Pulitzer-prize winning author Linda Greenhouse is kicking off the Symposium with her thoughts on "Is the Pipeline Half Full or Half Empty?" Here are a few facts that she is using to frame her remarks:
- Of 163 active federal judges, 30.1% are women. In the 8th Circuit, there is only one woman. The Obama administration has made progress in nominating women to the bench.
- Women occupy 32% of the seats on the states' highest courts.
- Women held 55% of state clerkships in 2010.
- Women are 15% of equity partners at law firms, a number that has not changed in 20 years.
- In legal academia, women are 1/2 of all assistant professors, but less than 1/3 of full professors.

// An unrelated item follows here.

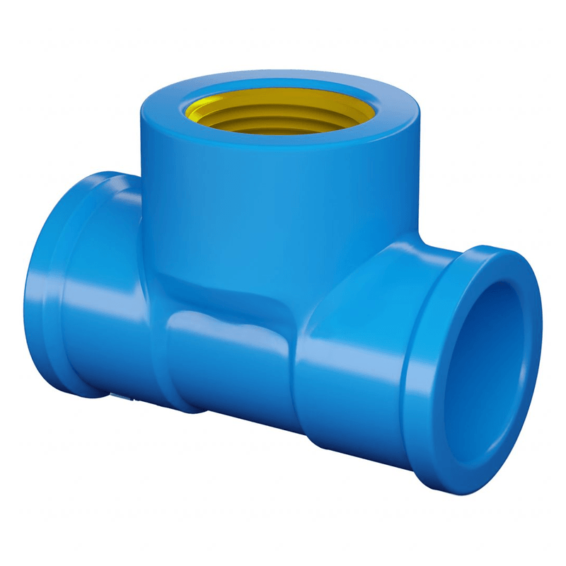 Muito mais cuidado com a água. O Sistema Predial de Água Fria Fortlev apresenta um conjunto de tubulações e conexões, cuidadosamente desenvolvidas conforme norma ABNT NBR 5648, para conduzir água potável à temperatura ambiente até os pontos de utilização. Os Tês Soldáveis com Bucha de Latão Fortlev são as conexões ideais para a instalação de peças com rosca metálica, como torneiras, chuveiros e engates. Fabricados em PVC na cor azul, possuem um inserto de latão na rosca e suportam até 7,5Kgf/cm² ou 75 m.c.a. à temperatura de 20°C.

Ms. Greenhouse cautions against gender essentialism but also asks, "What does this all mean?"
Bridget, thanks for posting. I follow the inclusion/exclusion discussions pretty closely and those first two stats jumped out at me, because the ~30% figure is also the percentage of women in the legal profession as a whole. As for that 15% stat, is that some subset of the larger firms (AmLaw 100, AmLaw 200, NLJ 250) or for all private practice firms regardless of size?
Posted by: John Steele | April 12, 2012 at 10:04 PM
I must have missed that detail, so we'll wait to read Ms. Greenhouse's piece in the MSU Law Review. My apologies.